TASK: The response consists of the lines from the start of the material below through the line holding "Today, this strategy", repeated word for word and without pictures.

SUPPLIED DATA:

________

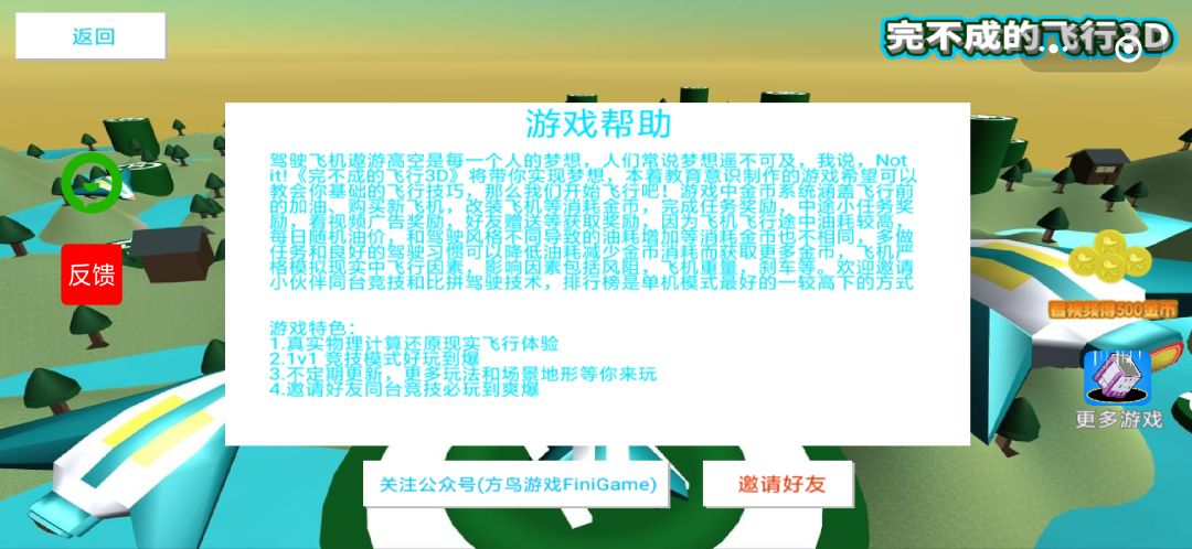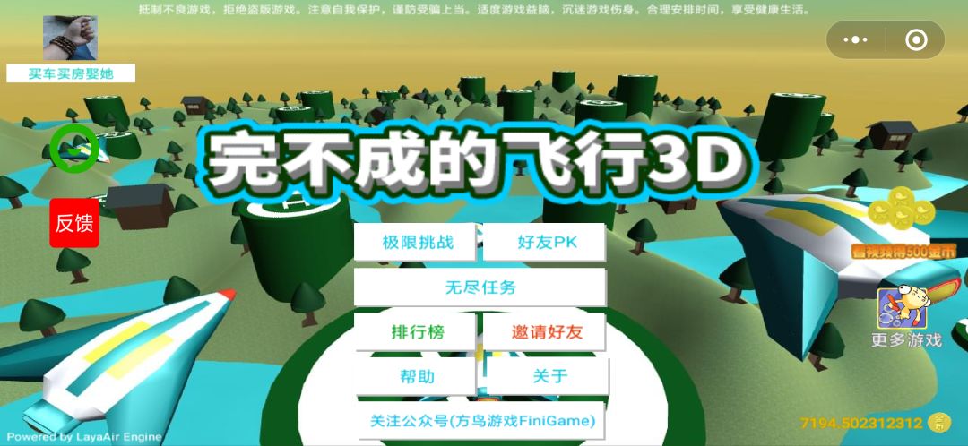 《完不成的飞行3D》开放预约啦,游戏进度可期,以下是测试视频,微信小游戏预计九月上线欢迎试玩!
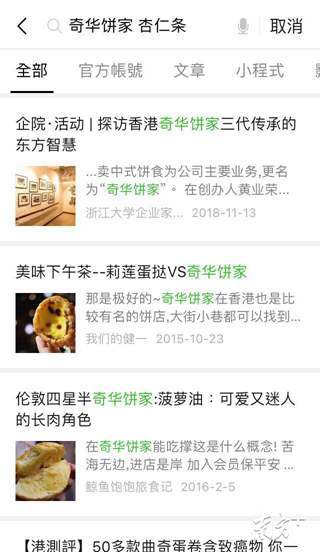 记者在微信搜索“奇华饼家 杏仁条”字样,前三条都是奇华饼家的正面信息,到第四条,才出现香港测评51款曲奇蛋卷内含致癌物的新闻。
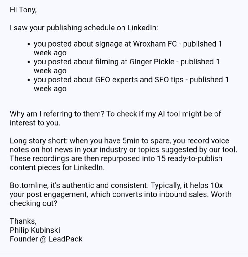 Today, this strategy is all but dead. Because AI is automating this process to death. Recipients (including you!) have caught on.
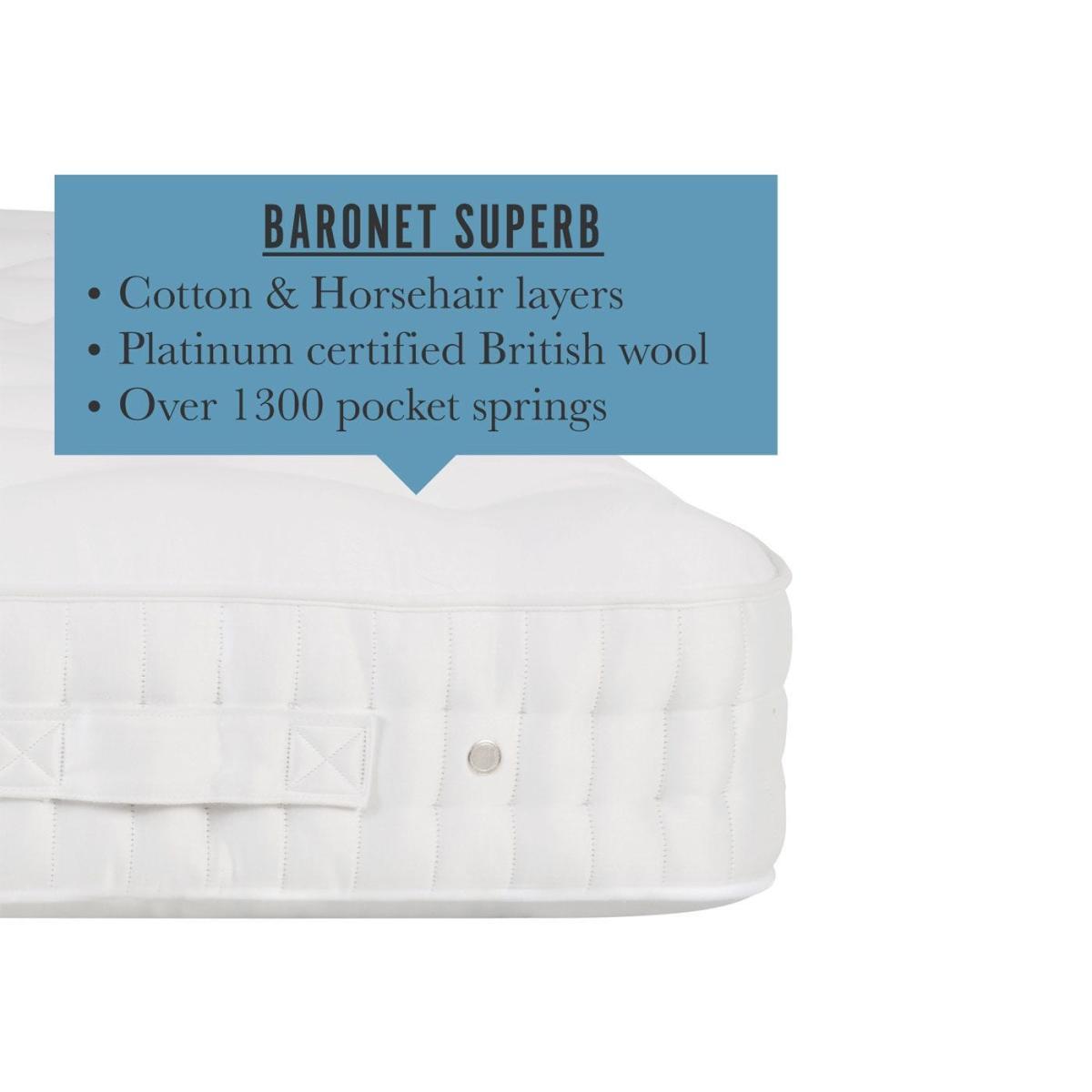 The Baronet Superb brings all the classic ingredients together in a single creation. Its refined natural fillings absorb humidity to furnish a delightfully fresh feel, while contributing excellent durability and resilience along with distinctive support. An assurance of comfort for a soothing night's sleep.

________

WRITTEN ANSWER:
 《完不成的飞行3D》开放预约啦,游戏进度可期,以下是测试视频,微信小游戏预计九月上线欢迎试玩!
 记者在微信搜索“奇华饼家 杏仁条”字样,前三条都是奇华饼家的正面信息,到第四条,才出现香港测评51款曲奇蛋卷内含致癌物的新闻。
 Today, this strategy is all but dead. Because AI is automating this process to death. Recipients (including you!) have caught on.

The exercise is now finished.